So we were wondering is this a bug, or is this expected behaviour?

stgraber commented 3 years ago

We suspect this issue is causing other recent problems around PMTU.

When the OVN network runs with a lowered PMTU, the lack of proper ICMP6 response from the gateway means that the client will not receive the needed fragmentation required response and their packets just end up getting lost whenever they exceed the OVN network MTU.

This has been an issue when providing network for ANYCAST based services as for those a common trick is to lower the MTU to 1280 which then avoids a number of issues with clients using tunnels and the services not receiving the fragmentation packets due to ECMP routing them to a different server (see https://blog.cloudflare.com/path-mtu-discovery-in-practice/)

fnordahl commented 3 years ago

For the PMTU part of this issue, does it make a difference to use OVN 21.09 and is the gateway_mtu option set on the Logical Router Port?

Support for generating ICMP fragmentation needed for ingress traffic was recently added and is included in 21.09.

Generation of ICMP fragmentation needed packets for traffic originating inside OVN has been there a while and both require the gateway_mtu option to be set.

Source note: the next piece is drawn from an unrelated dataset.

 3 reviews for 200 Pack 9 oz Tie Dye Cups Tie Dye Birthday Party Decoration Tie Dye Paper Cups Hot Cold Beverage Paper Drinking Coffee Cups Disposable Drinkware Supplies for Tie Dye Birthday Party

tomponline commented 3 years ago

Thanks @fnordahl! I was not aware of the gateway_mtu setting as its not documented in the ovn-nb (https://manpages.ubuntu.com/manpages/focal/en/man5/ovn-nb.5.html) docs like the other options. For some reason its only mentioned in the ovn-northd docs (https://manpages.ubuntu.com/manpages/focal/man8/ovn-northd.8.html) (even though from what I can see it needs to be applied to the northbound DB like the other options). Confusing :(

Is there a recommended way to discover options such as this, I went looking for an "mtu" like setting like this first by scouring the ovn-nb manpage. In your view do you think that options such as this should be also mentioned in ovn-nb?

Thanks again.

fnordahl commented 3 years ago

I would indeed consider this as CMS API and as such I think it should be mentioned in the ovn-nb documentation.

fnordahl commented 3 years ago

I sent a patch amending the ovn-nb documentation to include this option for review: https://patchwork.ozlabs.org/project/ovn/patch/20211109101158.887655-1-frode.nordahl@canonical.com/

tomponline commented 3 years ago

Amazing, thanks so much. I am testing on a later version of OVN to see if that helps with enabling PMTU.

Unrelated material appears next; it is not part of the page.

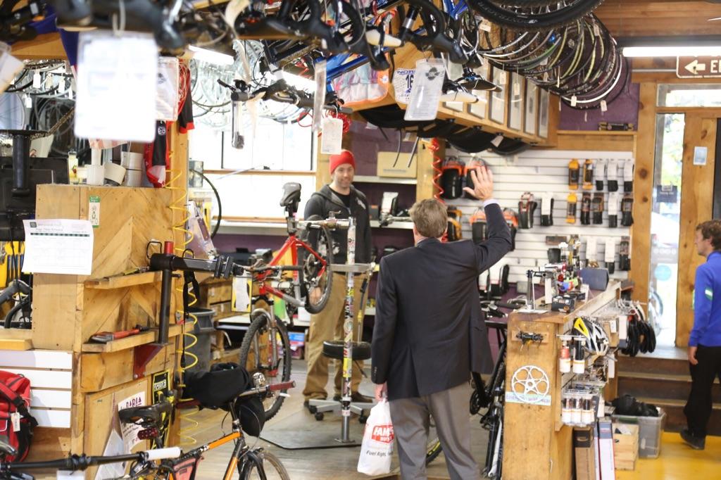 Had to stop by @ShenandoahBikes, my favorite bike shop in Harrisonburg. Off to our next event! #vasen #TeamWarnerpic.twitter.com/BYsd2FJFmo

tomponline commented 3 years ago

21.09.

@fnordahl Using Ubuntu Impish with the gateway_mtu option worked well for PTMU discovery (https://github.com/lxc/lxd/pull/9503).

I still need to test if that resolves the original problem reported here of no exceeded in transit message.

tomponline commented 3 years ago

@fnordahl I've tested the original reported problem with Ubuntu Impish and the issue still continues I'm afraid. No ICMP6 time exceeded in-transit response from the OVN router when packets are sent from external with a source address not in the router's external port's subnet.

fnordahl commented 3 years ago

Ack, thanks for checking @tomponline. At least we got the PMTU part of the problem out of the way! I'll have a look and see what could be done about the other part.

tomponline commented 3 years ago

Ack, thanks for checking @tomponline. At least we got the PMTU part of the problem out of the way! I'll have a look and see what could be done about the other part.

Yes that will help @stgraber setup. Do you think that can be backported to Focal?

stgraber commented 3 years ago

@tomponline that's actually a question for @fnordahl as he and his team maintain the focal packages.

In my case, I maintain OVS/OVN backports in my production PPA for my own clusters so I'll make sure I get on 21.09 there soon. The snap itself currently doesn't ship 21.09 as it wouldn't build for some reason, but I'll sort that out soon. It's also not really relevant to the snap as we only use the OVN client tools from there whereas we really need the server side updated in this case.

tomponline commented 3 years ago

@tomponline that's actually a question for @fnordahl as he and his team maintain the focal packages.

In my case, I maintain OVS/OVN backports in my production PPA for my own clusters so I'll make sure I get on 21.09 there soon. The snap itself currently doesn't ship 21.09 as it wouldn't build for some reason, but I'll sort that out soon. It's also not really relevant to the snap as we only use the OVN client tools from there whereas we really need the server side updated in this case.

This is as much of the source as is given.